Sur les lieux de l’appel, M. Courtois place la victime à l’avant, côté passager. Selon le rapport d’autopsie, sa ceinture de sécurité est alors attachée. Au moment où M. Courtois reprend la route, Mme Deshaies est vivante mais semi-consciente et somnolente. Les parties conviennent qu’à partir de ce moment, Pierre Courtois sait que Mme Deshaies est vivante.

M. Courtois conduit encore 15 minutes sur la route 158, dans la nuit.
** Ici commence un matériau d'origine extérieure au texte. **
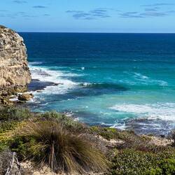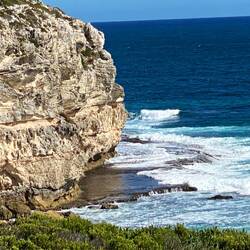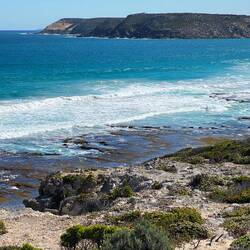 Thru the low lying coastal scrub and popped over a sand-dune and WOW! Situated on the south coast of KI, this is a popular surfing beach.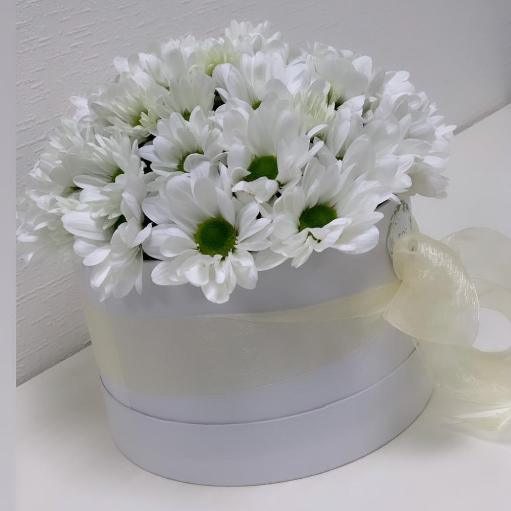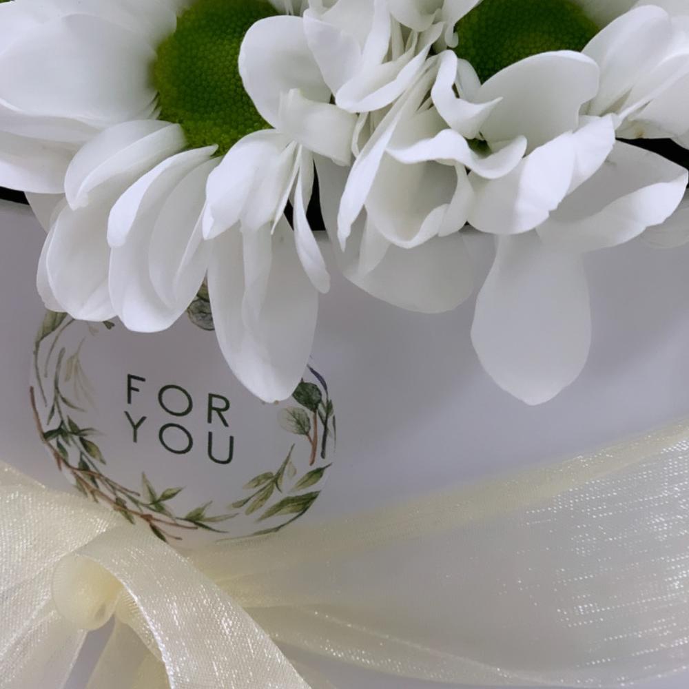 Ромашка – 7 шт. Коробка шляпная – 1 шт. Оазис флористический – 1 шт.

Ensuite, volontairement, il fonce face à face dans un camion remorque qui venait en sens inverse.

Un violent incendie éclate dans la voiture. Le contrevenant sort de la voiture, la contourne, brise la vitre côté passager d’un coup de coude et se brûle les bras. Incapable de sauver Mme Deshaies, il se couche sur le sol à côté de la voiture, côté conducteur et répète : « Pourquoi je ne suis pas mort. »

Mme Deshaies était vivante lors de la collision. Selon le rapport d’autopsie, c’est l’asphyxie qui est la cause de la mort.

Commentaires

21 mai 2019

Yanick Dumulong

Les ''suicide by truck'' s'accumulent sur la 158 et ailleurs. Ca mérite beaucoup plus que cette tape sur les doigts de 5-6 ans. Il a volontairement mis la vie du camionneur a risque et n'a aucune accusation pour ca. En plus la SAAQ, grâce au no fault, va l'indemniser a l'os, même si un acte criminel a été commis. C'est moi ou 6-7 ans c'est rendu la norme quand on tue quelqu'un?